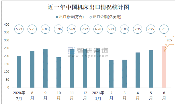 根據中國海關數據顯示:2021年6月中國機床進口數量為1.17萬臺,同比增長31%,進口金額為7.55億美元,同比增長10.6%,2021年6月中國機床出口數量為265.21萬臺,同比增長33.4%,出口金額為7.5億美元,同比增長41.8%;2021年1-6月中國機床進口數量為5.73萬臺,進口金額為40.76億美元,出口數量為1329.91萬臺,出口金額為40.13億美元。
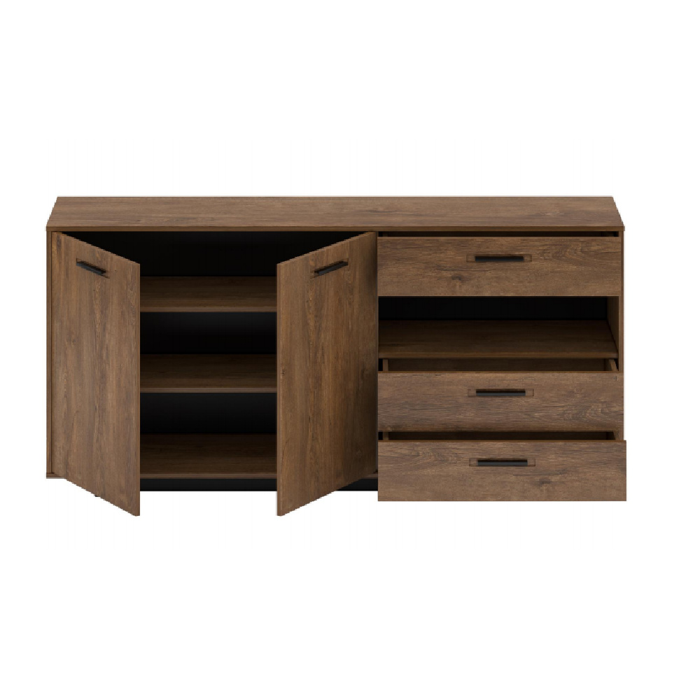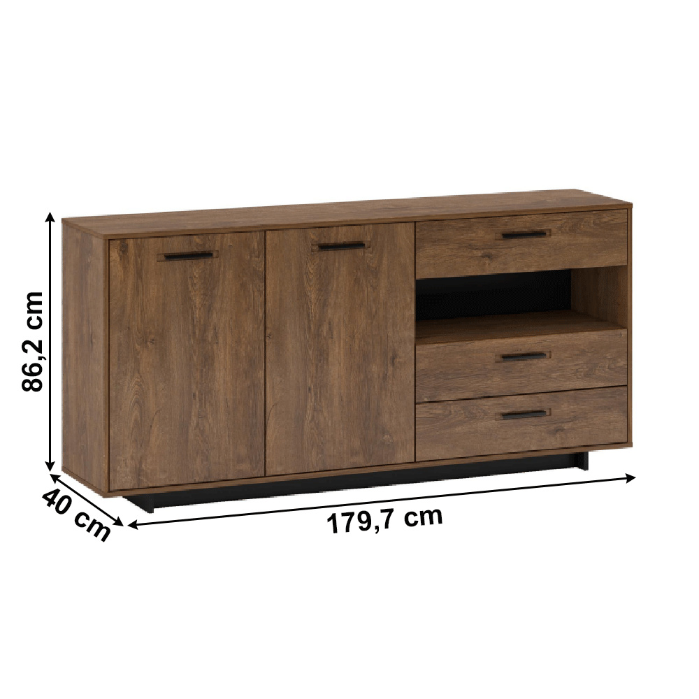 Materiál: DTD laminovaná / MDF fóliovaná Barva: dub bolzano / černá Rozměry (ŠxHxV): 179,7x40x86,2 cm Tloušťka materiálu: 16 mm 1 dvoudveřová skříňka s policemi 3 zásuvky Otevřený úložný prostor na podstavci Výška spodního prostoru od podlahy: 5 cm kovové úchytky originální design Krásná kresba dřeva Do tradičního i moderního interiéru Do obývacího pokoje, pracovny i studentského pokoje Dodávána v demontu
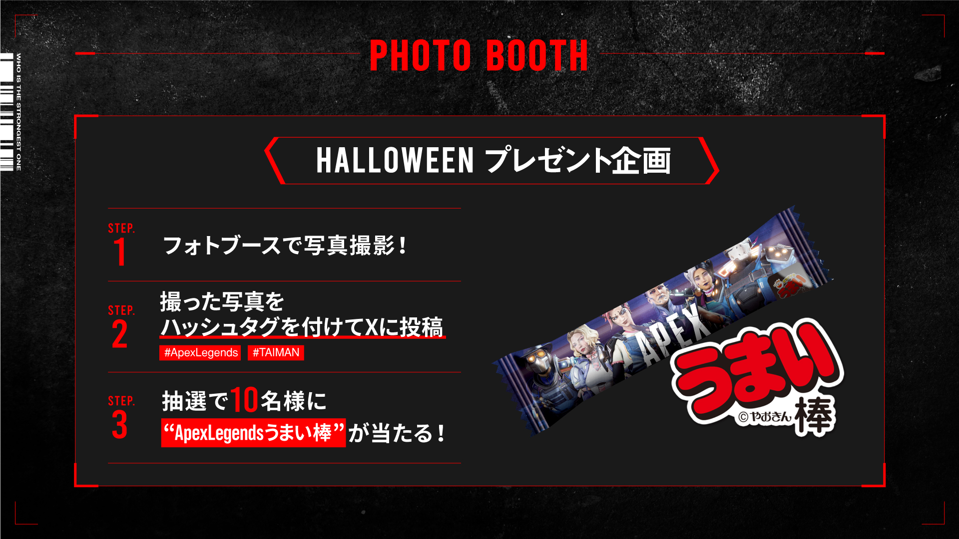会場にあるフォトブースでLEGENDSと一緒に写真を撮影! #APEXLEGENDS と #TAIMAN+ をつけて、X(twitter) に投稿しよう!抽選で10名様にAPEX LEGENDSうまい棒をプレゼント!
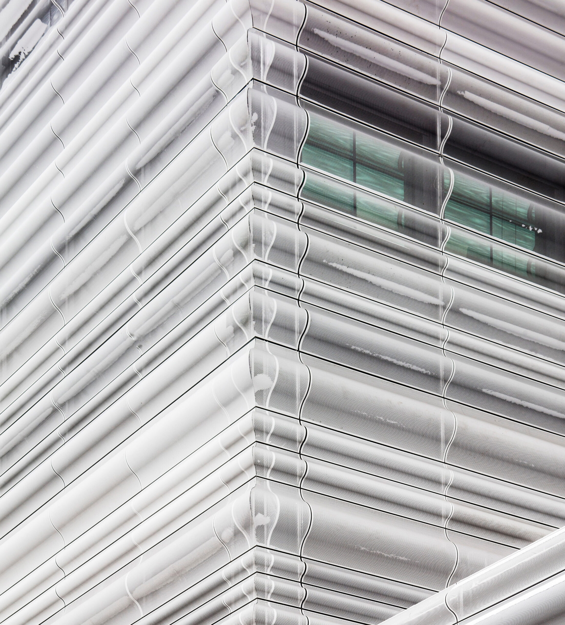 La foratura dei pannelli varia in dimensioni essendo stata studiata in modo specifico per fornire il livello di ombreggiamento ottimale per le diverse zone. Ad esempio, nelle aree di circolazione le forature sono più ampie per offrire ai visitatori la migliore visuale della città, mentre in corrispondenza dell’ingresso agli ambienti espositivi sono più fitte per evitare la penetrazione della luce e garantire quindi il mantenimento di una più bassa temperatura ambiente.

• TRY IT: All of the material above must be retyped exactly, line for line, with the images dropped.

• THE ANSWER:
 根據中國海關數據顯示:2021年6月中國機床進口數量為1.17萬臺,同比增長31%,進口金額為7.55億美元,同比增長10.6%,2021年6月中國機床出口數量為265.21萬臺,同比增長33.4%,出口金額為7.5億美元,同比增長41.8%;2021年1-6月中國機床進口數量為5.73萬臺,進口金額為40.76億美元,出口數量為1329.91萬臺,出口金額為40.13億美元。
 Materiál: DTD laminovaná / MDF fóliovaná Barva: dub bolzano / černá Rozměry (ŠxHxV): 179,7x40x86,2 cm Tloušťka materiálu: 16 mm 1 dvoudveřová skříňka s policemi 3 zásuvky Otevřený úložný prostor na podstavci Výška spodního prostoru od podlahy: 5 cm kovové úchytky originální design Krásná kresba dřeva Do tradičního i moderního interiéru Do obývacího pokoje, pracovny i studentského pokoje Dodávána v demontu
会場にあるフォトブースでLEGENDSと一緒に写真を撮影! #APEXLEGENDS と #TAIMAN+ をつけて、X(twitter) に投稿しよう!抽選で10名様にAPEX LEGENDSうまい棒をプレゼント!
 La foratura dei pannelli varia in dimensioni essendo stata studiata in modo specifico per fornire il livello di ombreggiamento ottimale per le diverse zone. Ad esempio, nelle aree di circolazione le forature sono più ampie per offrire ai visitatori la migliore visuale della città, mentre in corrispondenza dell’ingresso agli ambienti espositivi sono più fitte per evitare la penetrazione della luce e garantire quindi il mantenimento di una più bassa temperatura ambiente.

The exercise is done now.